▸ **Try it**
Beginning with the line that holds "1. Place your", copy each line through the end of the material below, exactly and with no pictures.

▸ **Recorded information**
>>>

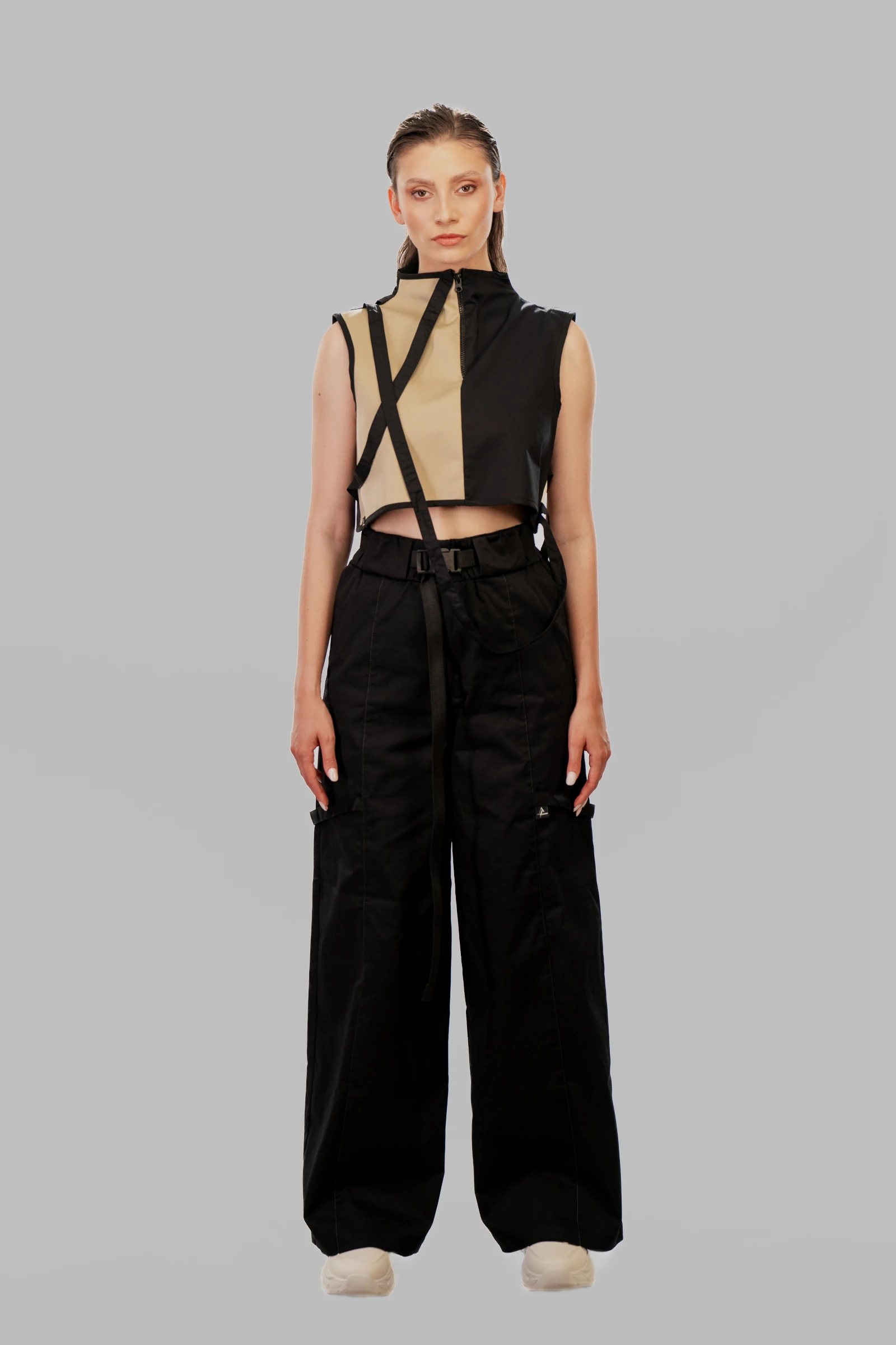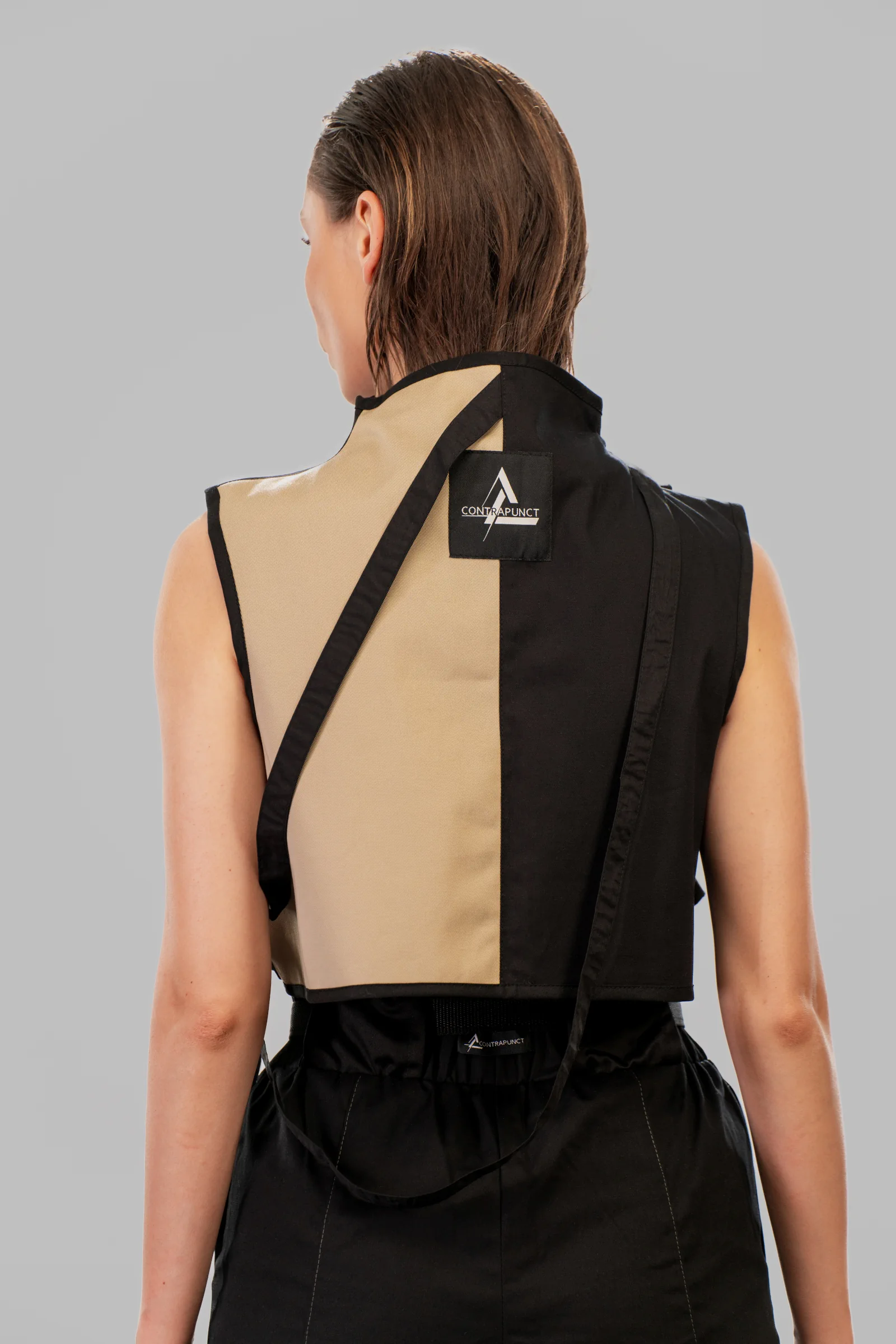 The CONTRAPUNCT taped crop top showcases a dynamic interplay of color and form, blending beige and black cotton panels for a striking, high-contrast look. The silhouette is framed with black fabric along the edges, reinforcing its sculptural shape. A front zipper at the turtleneck ensures ease of wear and adds a utilitarian accent. Black cotton tape elements cross both the front and back of the body, attached at the shoulders while falling freely for a layered and dimensional appearance. Consistent with the brand’s design philosophy, the CONTRAPUNCT branding label is prominently placed on the exterior of the garment, ensuring visibility and reinforcing the brand’s signature style.
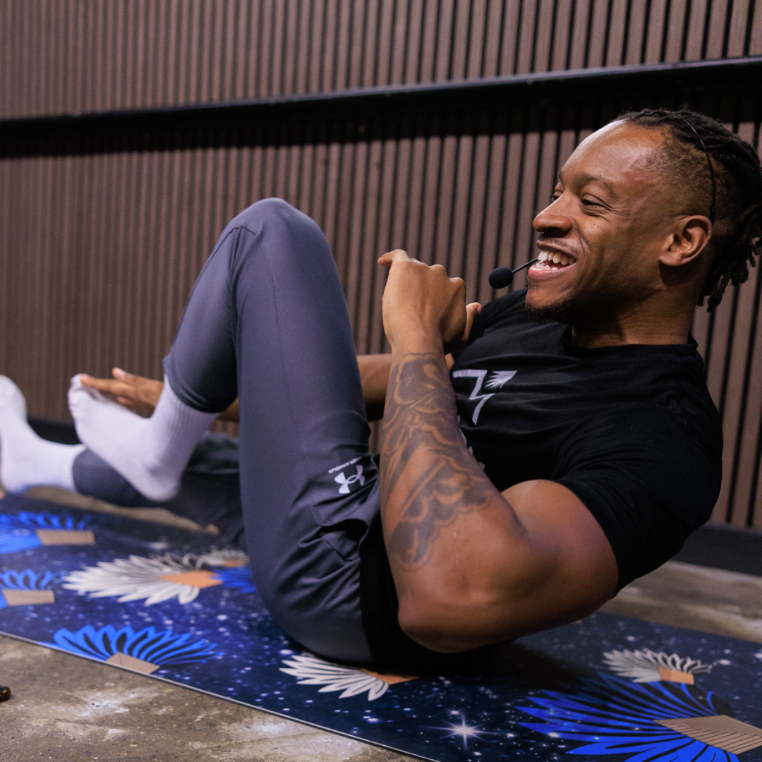 1. Place your mat the other way around with the design on the floor and the natural rubber side upwards.
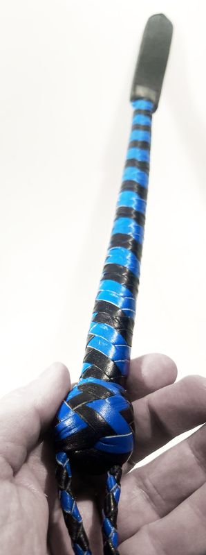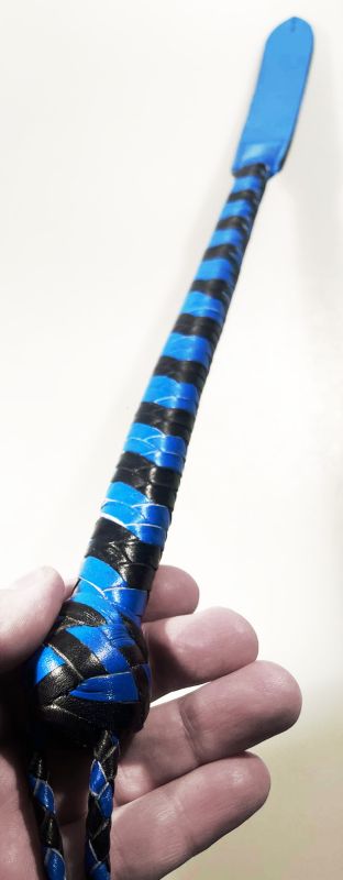 Blaue Lederpeitsche mit Griff "Modern Blue meets Baroque Gold"
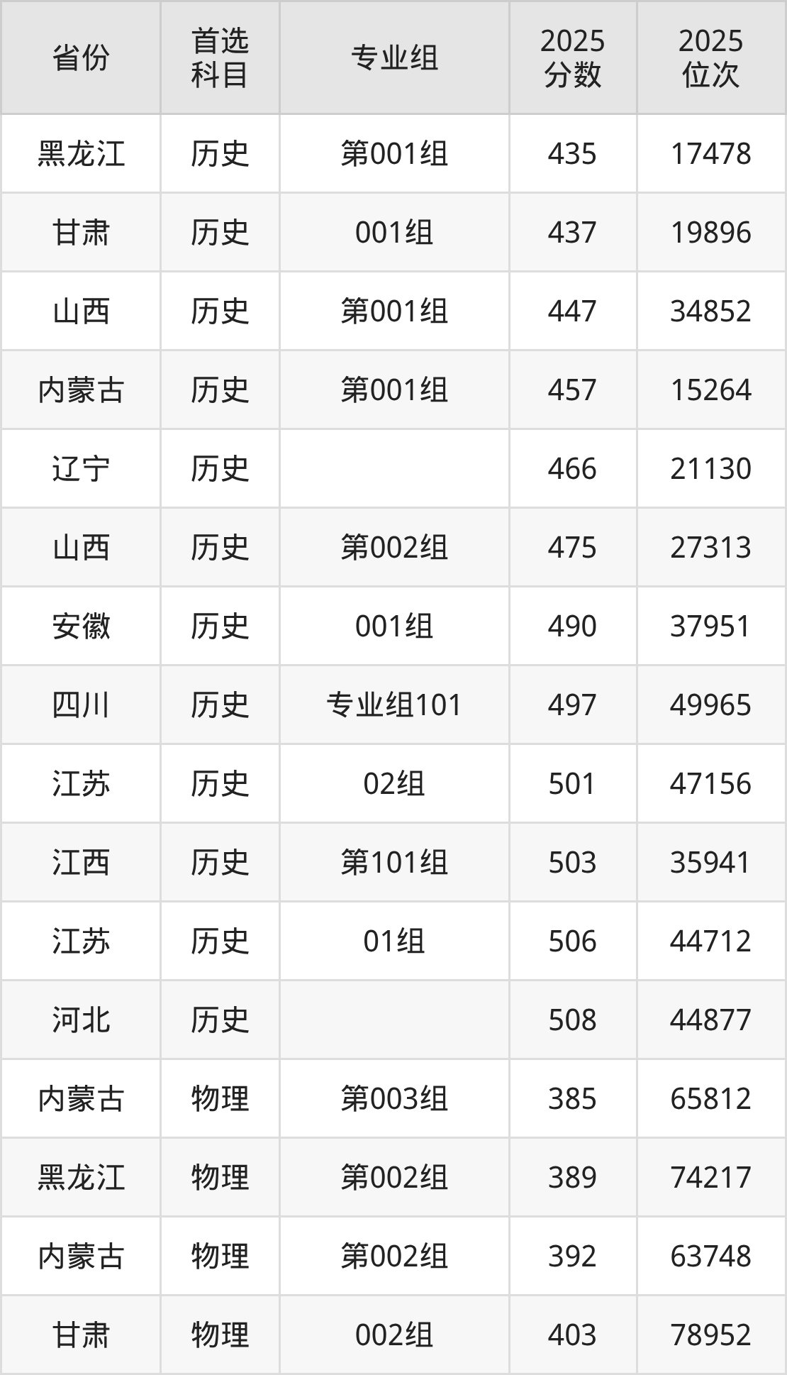 历史类最低分对应地区为黑龙江(第001组),录取位次为17478;最高分对应地区为河北,录取位次为44877,超本科线31分。

<<<

▸ **Result of the exercise**
 1. Place your mat the other way around with the design on the floor and the natural rubber side upwards.
 Blaue Lederpeitsche mit Griff "Modern Blue meets Baroque Gold"
 历史类最低分对应地区为黑龙江(第001组),录取位次为17478;最高分对应地区为河北,录取位次为44877,超本科线31分。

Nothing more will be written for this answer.